Seafood Spaghetti

Pasta Recipe: Seafood Spaghetti

Typically cooked by latin-lovers to impress their new date, Seafood Spaghetti is a real treat for the palate. King prawns, calamari, mussels, clams and cherry tomatoes are sautée with white wine, garlic and chilli to make an exquisite spaghetti sauce.

Seafood often appears as a challenge for the less experienced cooks, but this recipe is quick and easy enough for anyone to try it. Hopefully you will build up some confidence and maybe try the Pistachio Coated Barramundi. If you like to keep it light, than a Seafood salad is the right choice.

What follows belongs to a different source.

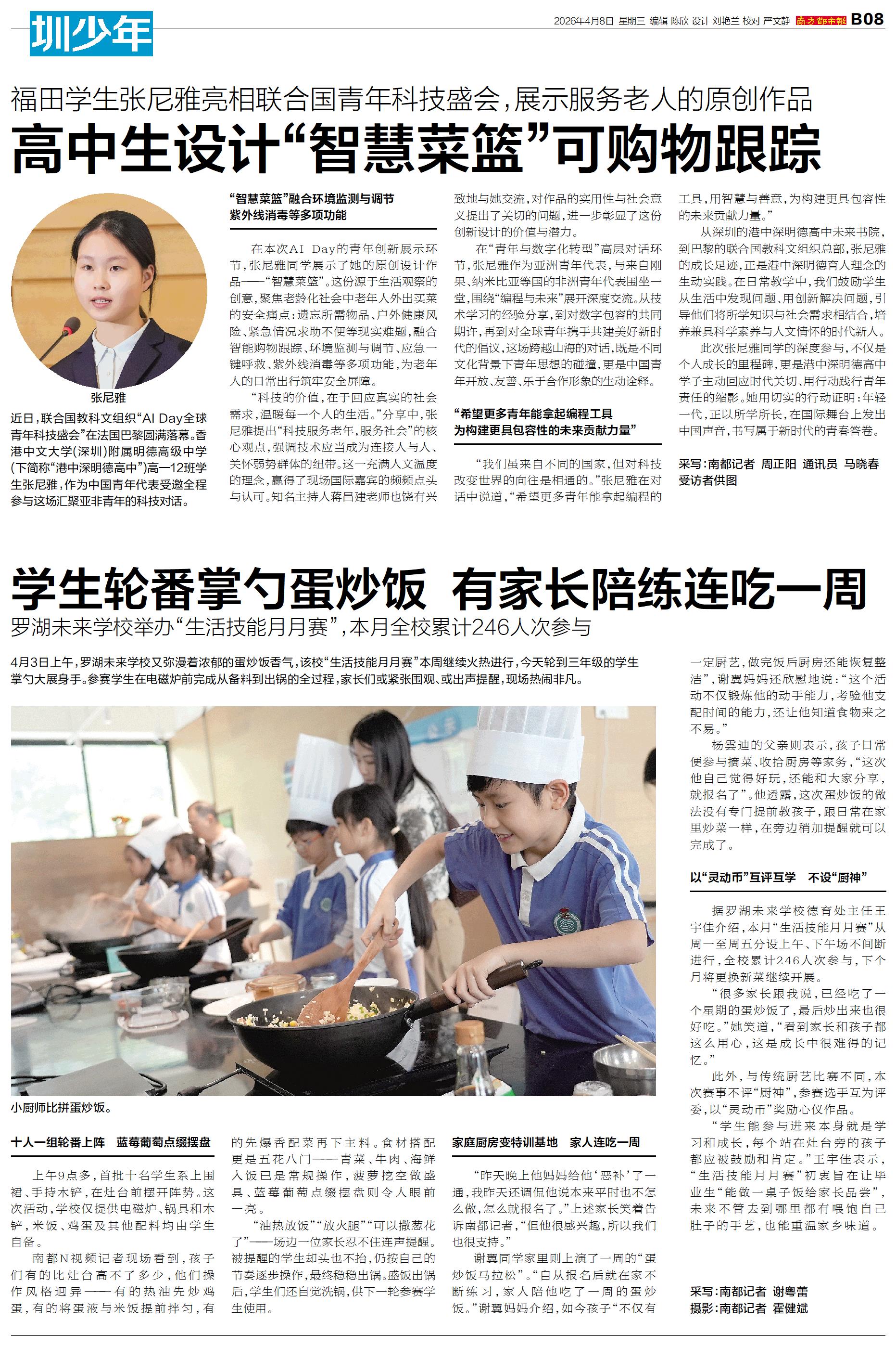 4月3日上午,罗湖未来学校又弥漫着浓郁的蛋炒饭香气,该校“生活技能月月赛”本周继续火热进行,今天轮到三年级的学生掌勺大展身手。参赛学生在电磁炉前完成从备料到出锅的全过程,家长们或紧张围观、或出声提

No matter what you choose to cook, remember to be responsible in your choices as a consumer: if you choose high quality, sustainable food you will provide your family with delicious and healthy food while sustaining your local economy and reducing impact on the environment. Here’s a few info with specific guidelines if you live in the Brisbane area.

Ingredients (serves about 4)

400 gr of spaghetti
4 calamari, sliced in rings
5 king prawns 
1 small octopus, boiled and chopped
250 gr mussels
250 gr clams
10 cherry tomatoes
1 cup white wine, dry
1 clove of garlic
chilli to taste
fresh parsley to taste
salt and white pepper to taste

Pasta Recipe: Seafood Spaghetti

Steps
1. In a large fry-pan on the high heat, fry the garlic and the chilli in one tablespoon of extra vergin olive oil.
2. Add clams and mussels: they will open and make a juicy base for your sauce.
3. Add the calamari and the prawns.
4. Add the wine (make sure it’s cold, straight from the fridge) let it evaporate then turn the heat down on low.
5. Add the octopus and the tomatoes, sprinkle parsley on top.
6. Keep cooking for two more minuted on low heat, the turn it off. Your seafood sauce is ready!
7. Cook the spaghetti al dente, add them to the seafood sauce and stir on a medium heat for about 3 minutes. Make sure it all mixes in well with the spaghetti, but pay attention not to turn the whole thing into glue by cooking it for too long.

Tips&tricks 
This dish will work with almost any type of seafood, including bugs.

Match it with
A dry, perfumed white like Vermentino would me my first choice. Also Falanghina, Greco di Tufo, Bianco d’Alcamo, Inzolia or Grillo.